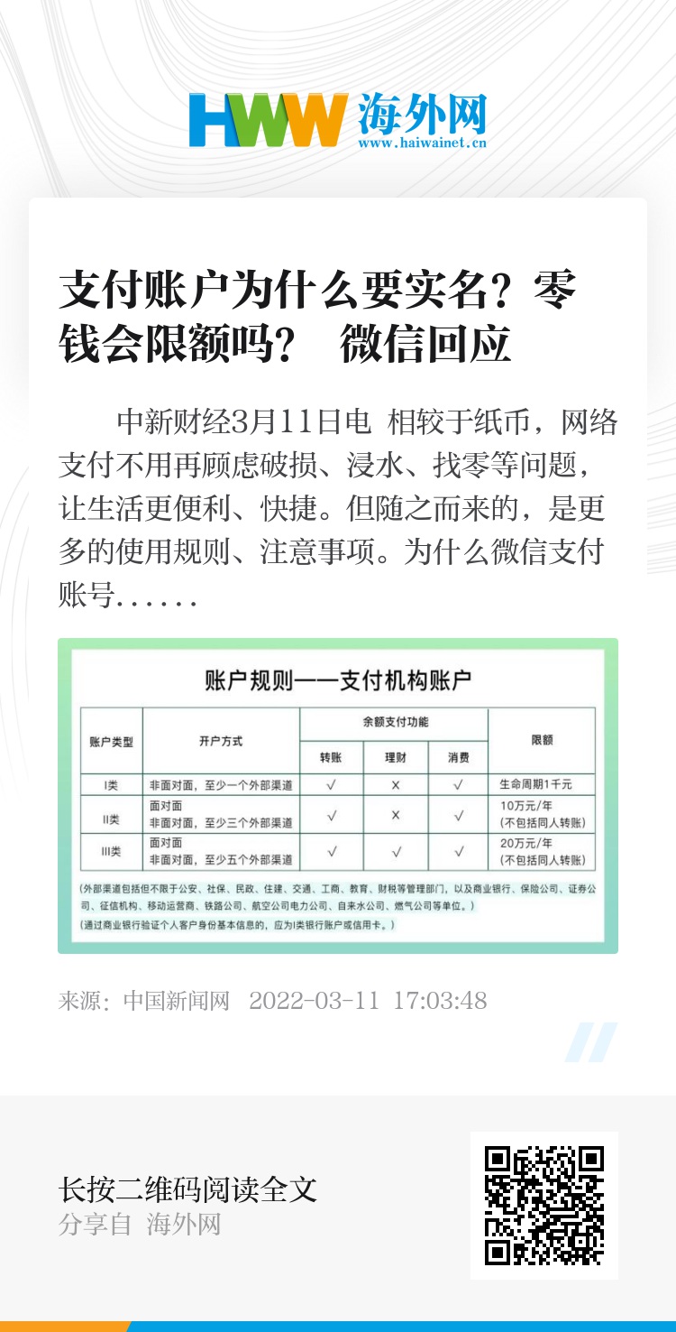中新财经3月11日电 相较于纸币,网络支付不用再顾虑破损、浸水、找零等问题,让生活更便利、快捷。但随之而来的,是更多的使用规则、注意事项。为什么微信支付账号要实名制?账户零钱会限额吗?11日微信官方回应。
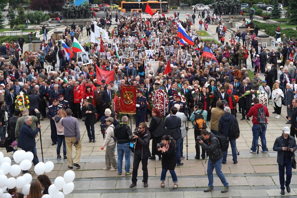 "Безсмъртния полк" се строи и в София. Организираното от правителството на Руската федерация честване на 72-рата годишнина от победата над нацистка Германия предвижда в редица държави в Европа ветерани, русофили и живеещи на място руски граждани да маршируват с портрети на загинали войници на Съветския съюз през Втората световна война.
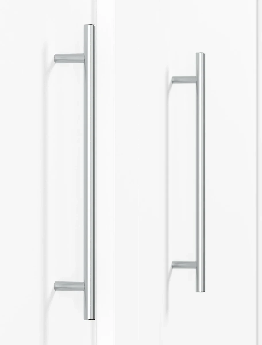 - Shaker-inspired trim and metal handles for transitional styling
_____
What you produce should repeat the data word for word while omitting all images.

中新财经3月11日电 相较于纸币,网络支付不用再顾虑破损、浸水、找零等问题,让生活更便利、快捷。但随之而来的,是更多的使用规则、注意事项。为什么微信支付账号要实名制?账户零钱会限额吗?11日微信官方回应。
 "Безсмъртния полк" се строи и в София. Организираното от правителството на Руската федерация честване на 72-рата годишнина от победата над нацистка Германия предвижда в редица държави в Европа ветерани, русофили и живеещи на място руски граждани да маршируват с портрети на загинали войници на Съветския съюз през Втората световна война.
 - Shaker-inspired trim and metal handles for transitional styling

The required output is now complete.